Model loading and inference used by both scripts. Key functions:
- `load_model()` — reconstruct LlamaForCausalLM with merged LoRA weights
- `generate(model, prj, tokenizer, bot_id, eot_id, prompt, num_latent=6)` — run inference (set `num_latent=0` to skip reasoning)
- `extract_number(text)` — pull the last number from model output

## Results (full GSM8K test set, 1319 questions)

| Mode | Accuracy | Throughput | Time |
|------|----------|------------|------|
| Reasoning (6 latent steps) | **36.7%** | 7.0 q/s | 188s |
| No reasoning (0 steps) | 28.7% | 7.7 q/s | 171s |

Reasoning advantage: **+8.0%** (helped 134 questions, hurt 29).

## How CoDi inference works

1. **Encode**: Tokenize the question, append `` token, run through the model
2. **Think**: Take the last hidden state, project through the MLP, feed back as input — repeat 6 times (no text generated, just latent vectors cycling through the transformer)
3. **Decode**: Append `` token, then autoregressively generate the answer

The `--no-reasoning` flag skips step 2, going straight from encoding to decoding.

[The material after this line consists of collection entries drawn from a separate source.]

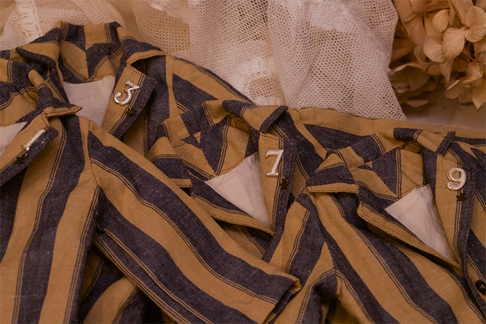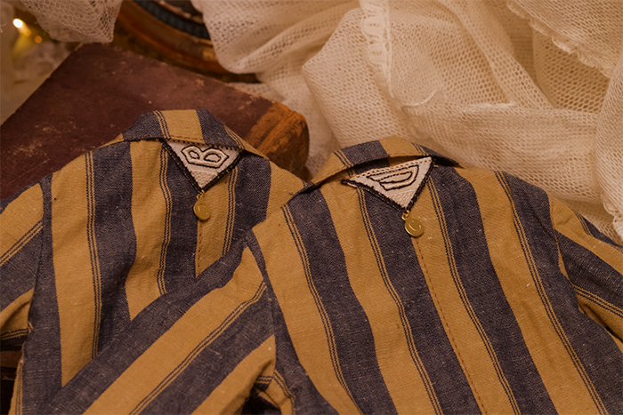 今回、襟につけた数字の飾り、コートの後ろに縫い付けたイニシャルモチーフがそれぞれ違っていますので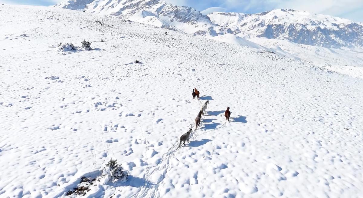 Sürü halinde dolaşıp, yiyecek arayan yılkı atları, Doğa Koruma ve Milli Parklar Erzincan Şube Müdürlüğü ekipleri tarafından drone ile görüntülendi.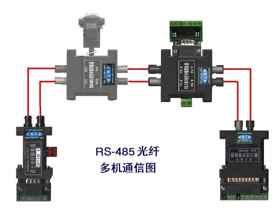 典型應用2:圖3為多臺串口設備通過多對OPT485L1進行光纖組網通信的典型應用。最遠兩端的串口設備為RS-232、RS-485或RS-422,中間的設備為RS-485口。將中間的兩個OPT485L1的A-A相連、B-B相連、GND-GND相連,再一起接到設備2的RS-485口上。這樣實現了多臺串口設備的組網通信,多機通信方法同RS-485電纜線組網。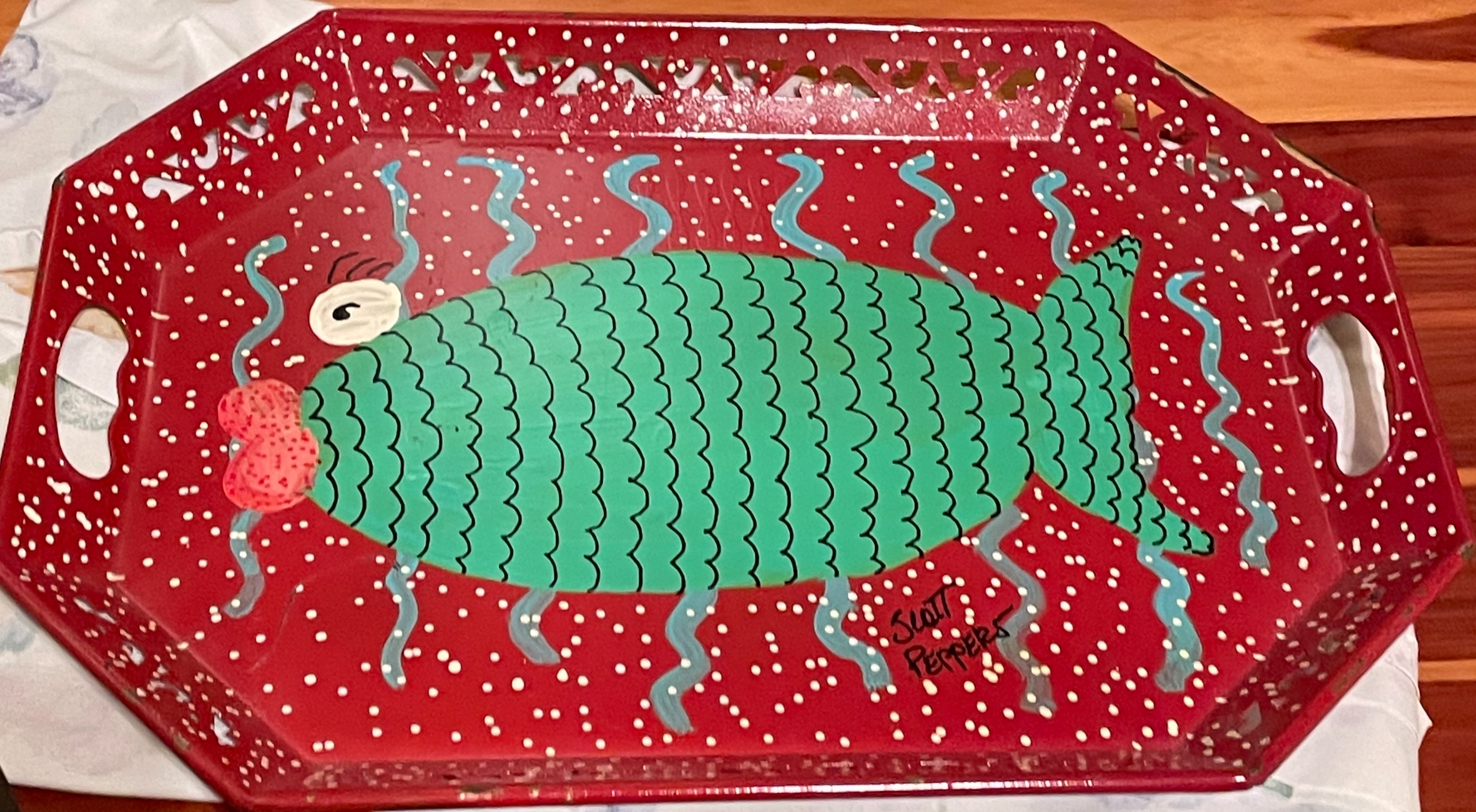 A single octagonal serving tray attributed to Scott Peppers Folk Art. The tray is constructed of painted metal or composite material, featuring integrated side handles and a decorative cut-out repeating pattern along the rim. The interior surface is finished in a speckled bright red base with numerous white dots. The surface is dominated by a large central design of a stylized green fish marked with black scales, a red mouth, and a large eye. Blue wavy lines rise from the fish’s body. The piece is signed “Scott Peppers” in black script near the tail of the fish. This piece is characteristic of the artist’s whimsical folk art style.

## Latent Oracle: Interpreting CoDI's Reasoning Tokens

Inspired by [Activation Oracles](https://arxiv.org/abs/2512.15674), we train a small LM (SmolLM-360M) to answer natural language questions about what CoDI's latent reasoning tokens are doing. All training data is generated via **task-agnostic unsupervised methods** — no knowledge of the downstream task (GSM8K math) is assumed.

### Training Data Generation (5 strategies, all task-agnostic)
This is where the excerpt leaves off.